About this task
Although the data below contains pictures, output only the lines between those holding "Cette chaise longue" and "Como muchos Lado", inclusive, exactly and without those pictures.

Data provided
• • • • •
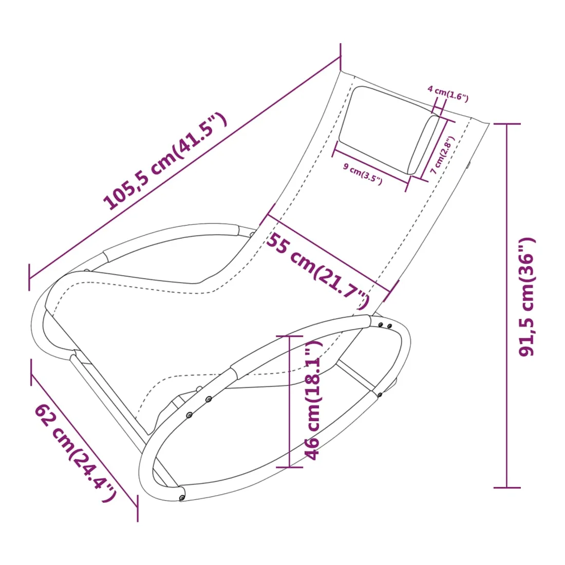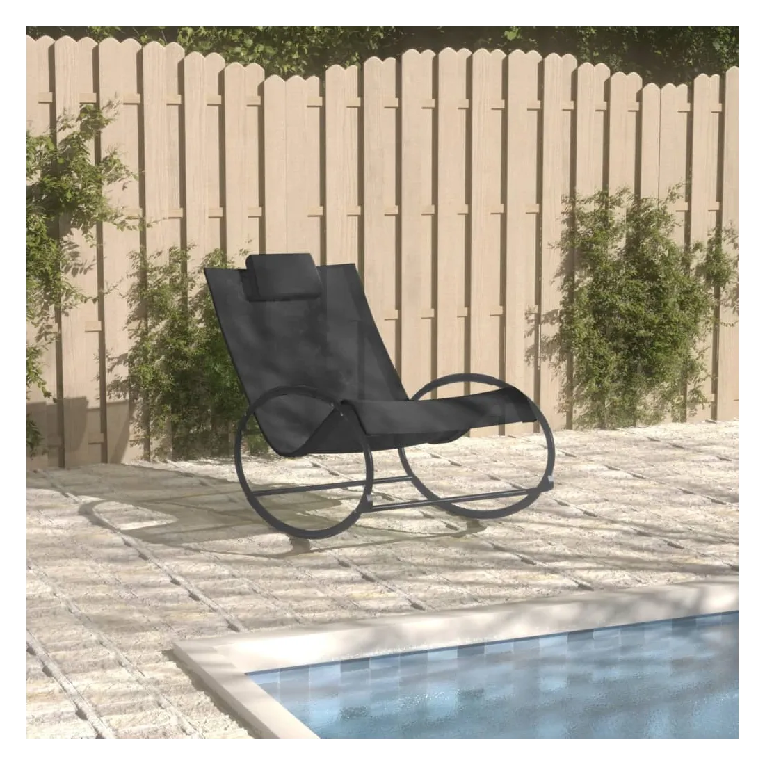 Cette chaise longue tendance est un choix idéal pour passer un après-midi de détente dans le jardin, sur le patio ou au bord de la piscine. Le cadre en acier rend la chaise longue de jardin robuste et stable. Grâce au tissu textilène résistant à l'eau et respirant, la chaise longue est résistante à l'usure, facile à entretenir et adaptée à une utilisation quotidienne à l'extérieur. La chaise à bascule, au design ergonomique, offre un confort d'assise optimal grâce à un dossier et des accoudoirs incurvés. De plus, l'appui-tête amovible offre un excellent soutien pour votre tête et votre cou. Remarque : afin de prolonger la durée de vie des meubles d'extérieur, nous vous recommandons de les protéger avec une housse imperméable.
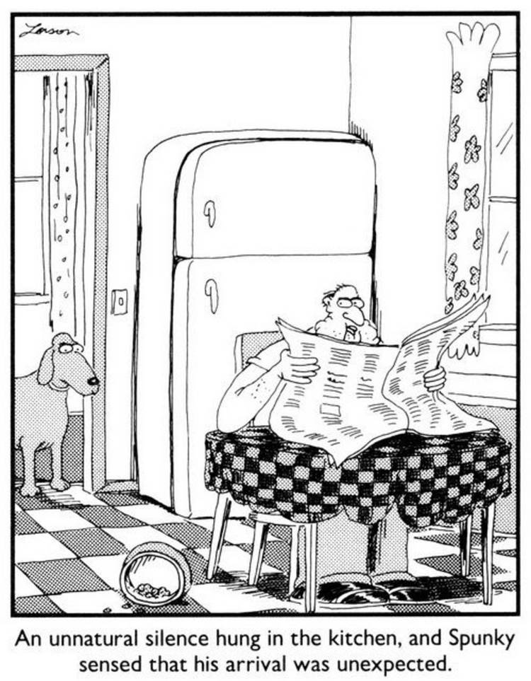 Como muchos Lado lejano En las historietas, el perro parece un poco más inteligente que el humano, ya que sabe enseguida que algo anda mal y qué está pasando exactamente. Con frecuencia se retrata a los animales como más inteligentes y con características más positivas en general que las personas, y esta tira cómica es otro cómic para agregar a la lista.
• • • • •
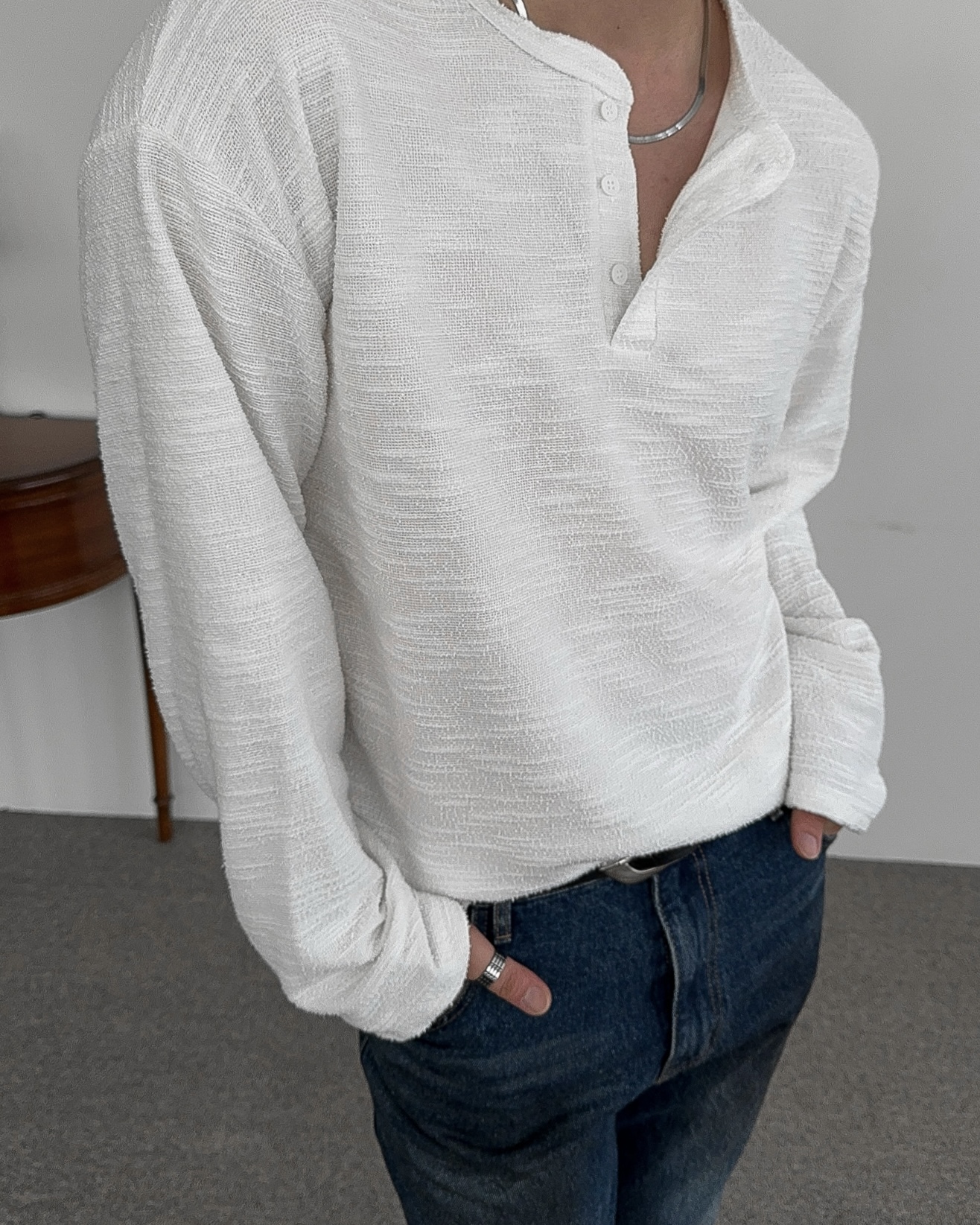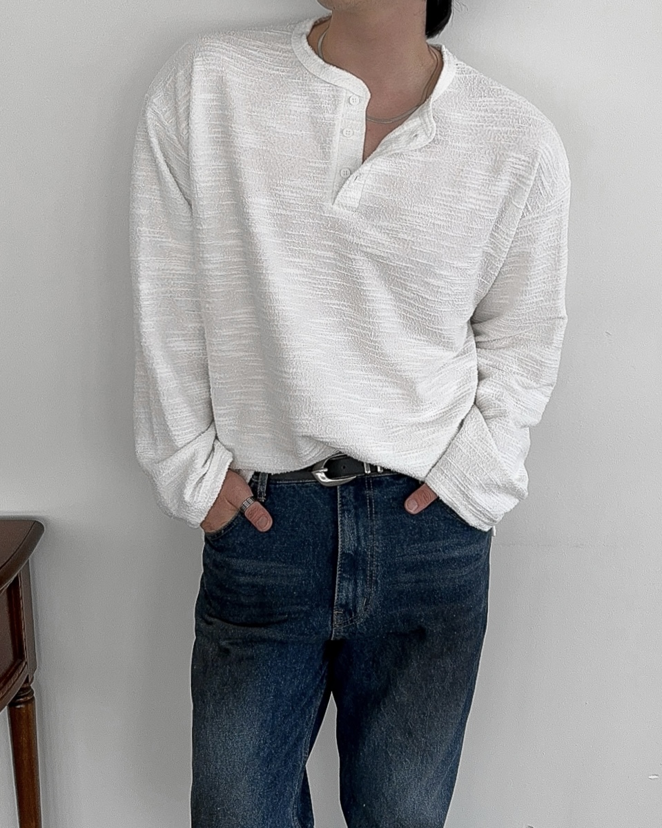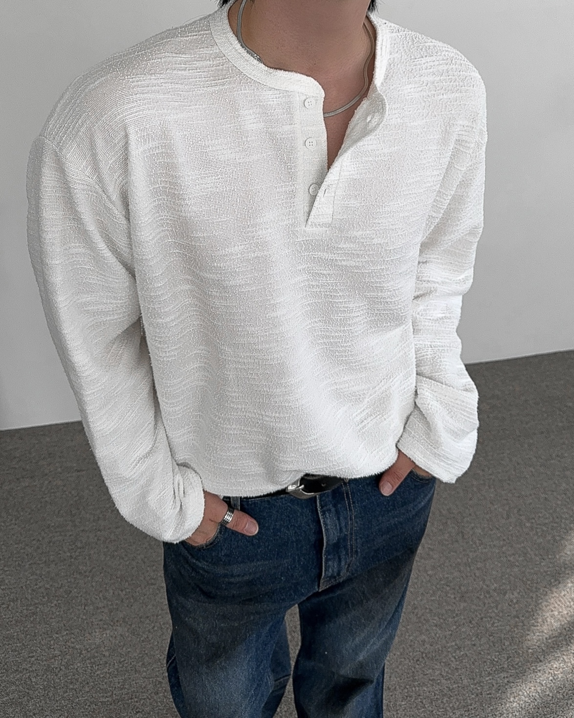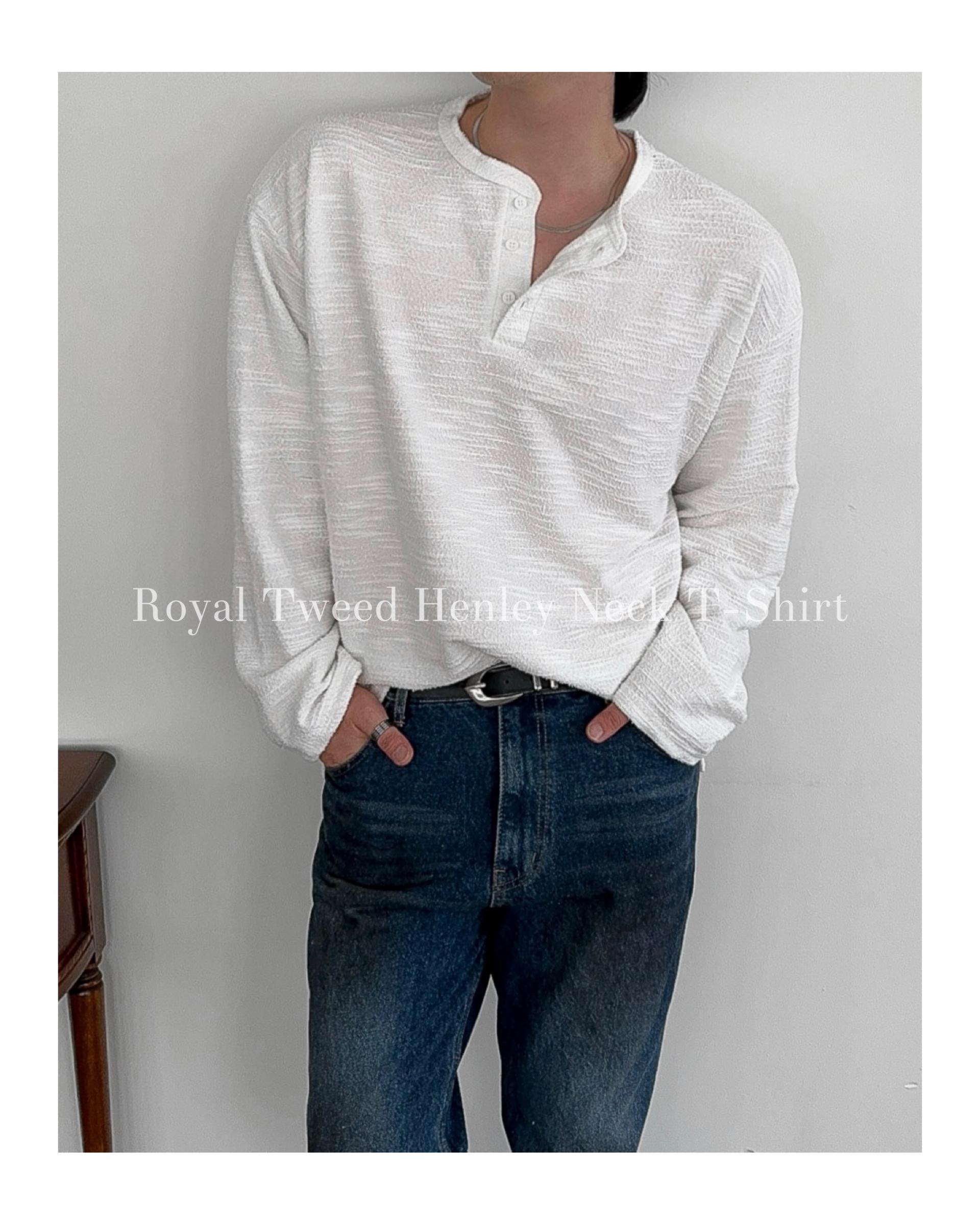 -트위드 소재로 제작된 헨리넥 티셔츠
• • • • •
Answer below
 Cette chaise longue tendance est un choix idéal pour passer un après-midi de détente dans le jardin, sur le patio ou au bord de la piscine. Le cadre en acier rend la chaise longue de jardin robuste et stable. Grâce au tissu textilène résistant à l'eau et respirant, la chaise longue est résistante à l'usure, facile à entretenir et adaptée à une utilisation quotidienne à l'extérieur. La chaise à bascule, au design ergonomique, offre un confort d'assise optimal grâce à un dossier et des accoudoirs incurvés. De plus, l'appui-tête amovible offre un excellent soutien pour votre tête et votre cou. Remarque : afin de prolonger la durée de vie des meubles d'extérieur, nous vous recommandons de les protéger avec une housse imperméable.
 Como muchos Lado lejano En las historietas, el perro parece un poco más inteligente que el humano, ya que sabe enseguida que algo anda mal y qué está pasando exactamente. Con frecuencia se retrata a los animales como más inteligentes y con características más positivas en general que las personas, y esta tira cómica es otro cómic para agregar a la lista.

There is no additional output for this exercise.